三つ目は、お父さんの子供に対する基本的な態度である。お父さんは子供に、どうしてこういう状況になっているのかを全く理解させようとしていない。これは、ゲームだとウソをつき続ける。確かにこの子供は幼すぎ、現実に何が起こっているのかを理解させようとするのは無理があるとは思う。そして、ゲームだと子どもに言うのは、もちろんお父さんの思いやりであろう。だが、自分は、少したりとも子供に真実を告げる努力をしてほしかったと思う。
お父さんが、子どもを子ども扱いせず、悪い国の指導者が自分たちをひどいやり方で殺そうとしていること、だから、しっかり逃げないと殺されてしまうかもしれないこと、いつか大きくなったら、そういう国の悪い指導者と戦わなければならないかもしれないこと、一部の人を差別するのはいけないこと、などを、子どもがわからないにしても、少しでも伝える努力をしてほしかったと思う。子どもでも、ある程度の感覚の鋭さは持っているので、全体を理解するのはもちろん無理にしても、そうした中から感じ取る部分もあると思う。それが子どもの生き方に大きく影響する可能性もあると思う。
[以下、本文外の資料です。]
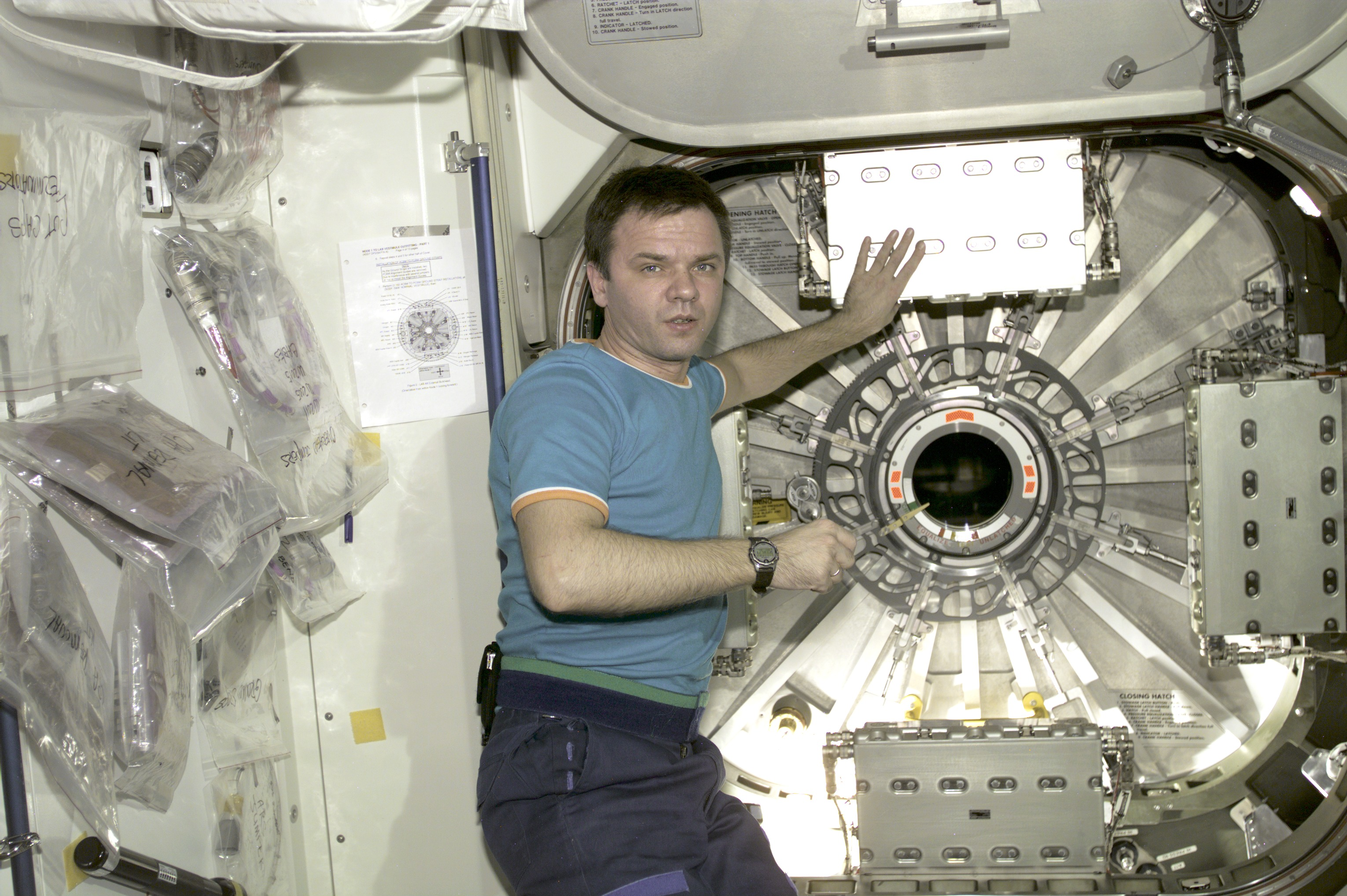 Cosmonaut Yuri P. Gidzenko, Expedition One Soyuz commander, stands near the hatch leading from the Unity node into the newly attached Destiny laboratory aboard the International Space Station (ISS). The picture was recorded with a digital still camera on the day the hatch was initially opened.

自分が好きな映画に、「蝶の舌」という映画がある。その映画は、スペインの内戦をめぐるスペイン社会の人々を描いた物語である。そこに出てくる「先生」は、とても尊敬できる人間である。この先生は、決して子どもを子ども扱いしたりしない。子どもであっても、一人の人間として扱い、難しい内容であっても子どもに真実を伝えようという態度で常に子供に接している。この「先生」は、同じ状況であったとしたら、できる範囲で、子どもに、今の状況を理解させようとしたことだろう。それは、このお父さんの取った行動とは全く異なるものである。「蝶の舌」と本作品を見比べて考えてみてほしい。
この映画は、親子愛の部分に完全に徹して見れば、よい映画と言えるかもしれない。
だが、設定が不自然すぎたり、ひどく残酷な歴史を、結果的に、のどかな歴史であったかのように誤解させるような映画になってしまっているため、不愉快な気分が残った。